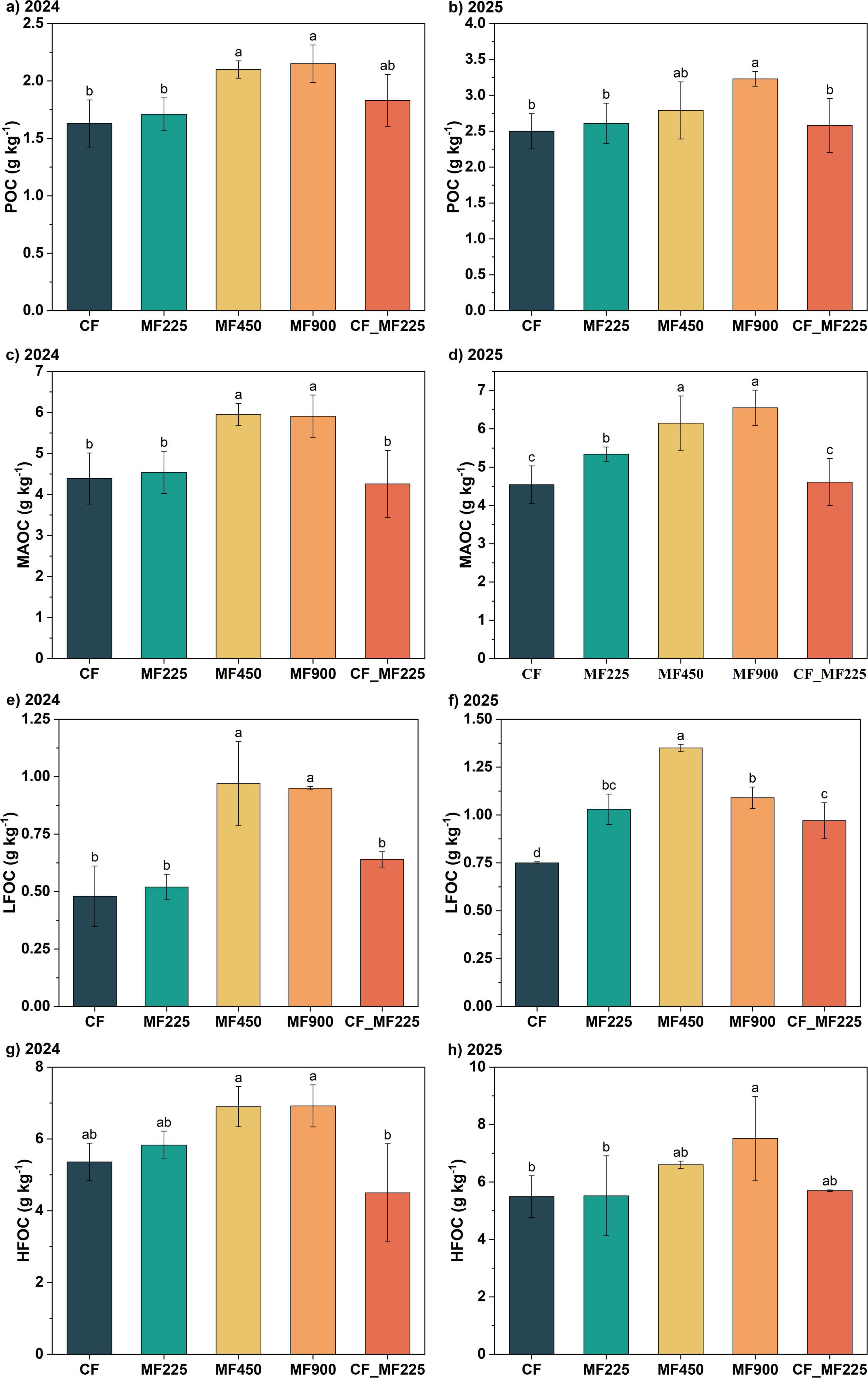 Figure 2. Effects of fertilization treatments on particulate organic carbon [POC, (a,b)], mineral-associated organic carbon [MAOC, (c,d)], light-fraction organic carbon [LFOC, (e,f)], and heavy-fraction organic carbon [HFOC, (g,h)] in 2024 and 2025. Different letters indicate significantly different values (P < 0.05).
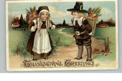 THANKSGIVING Little Boy & Girl Pilgrims c1910 Postcard
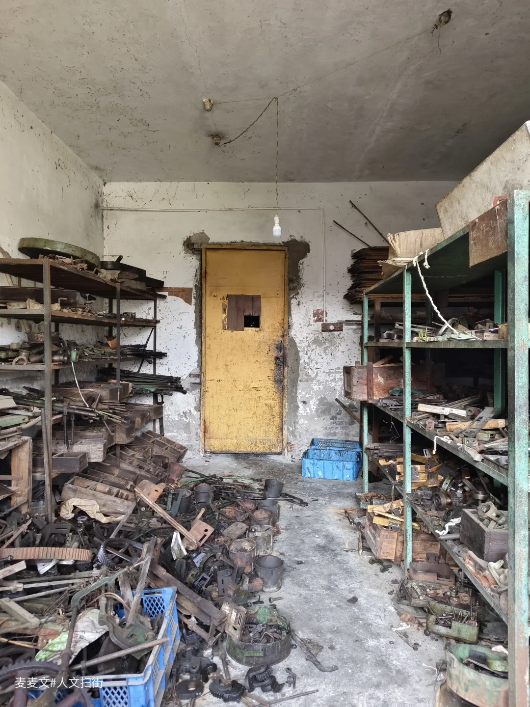 如今,那些曾经创造历史的机器被拆解在角落,零件和齿轮随意堆放,仿佛在等待着下一次的唤醒。而那些斑驳的墙面、褪色的标语和生锈的设备,共同构成了一部立体的工业史诗。
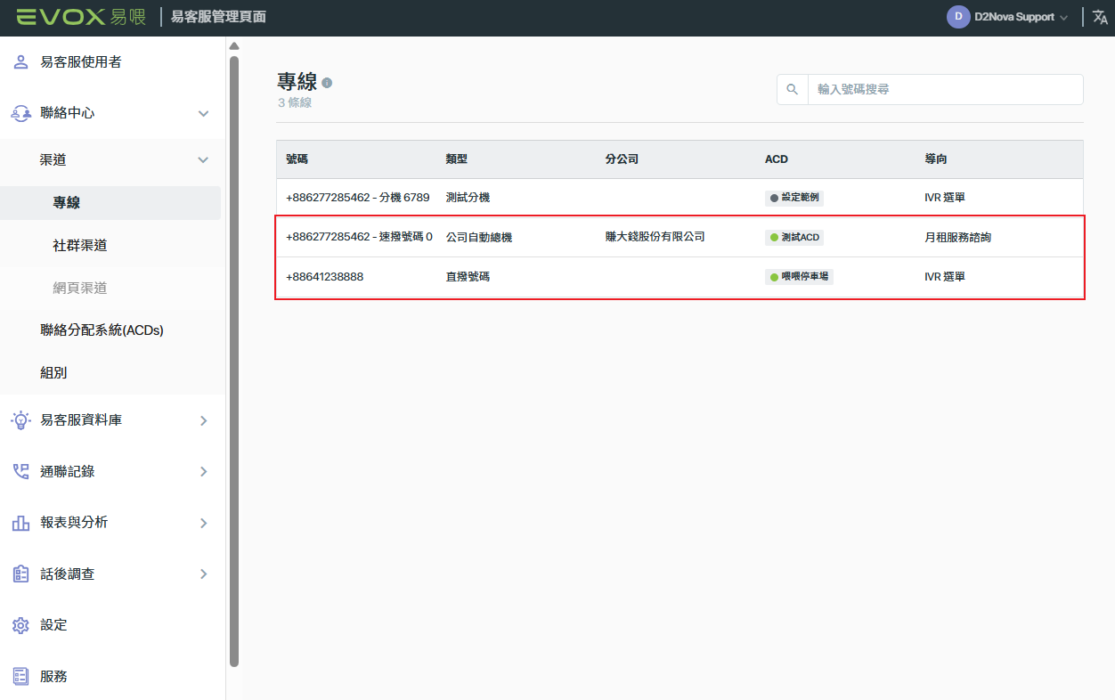 4. 客服管理者可於登入易客服後在【專線】的頁面確認到這兩條可使用的專線
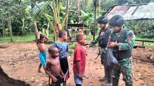 Anggota Satgas Pos Rawa Bustop melakukan Patroli keamanan sekaligus Binter dalam rangka melihat secara langsung kondisi masyarakat dikampung Bastop Distrik Jair Kabupaten Boven Digoel Papua Selatan.

BRIEF
From the first line to the last, return the records exactly and leave the pictures behind.

ANSWER BOX
 Figure 2. Effects of fertilization treatments on particulate organic carbon [POC, (a,b)], mineral-associated organic carbon [MAOC, (c,d)], light-fraction organic carbon [LFOC, (e,f)], and heavy-fraction organic carbon [HFOC, (g,h)] in 2024 and 2025. Different letters indicate significantly different values (P < 0.05).
 THANKSGIVING Little Boy & Girl Pilgrims c1910 Postcard
 如今,那些曾经创造历史的机器被拆解在角落,零件和齿轮随意堆放,仿佛在等待着下一次的唤醒。而那些斑驳的墙面、褪色的标语和生锈的设备,共同构成了一部立体的工业史诗。
 4. 客服管理者可於登入易客服後在【專線】的頁面確認到這兩條可使用的專線
 Anggota Satgas Pos Rawa Bustop melakukan Patroli keamanan sekaligus Binter dalam rangka melihat secara langsung kondisi masyarakat dikampung Bastop Distrik Jair Kabupaten Boven Digoel Papua Selatan.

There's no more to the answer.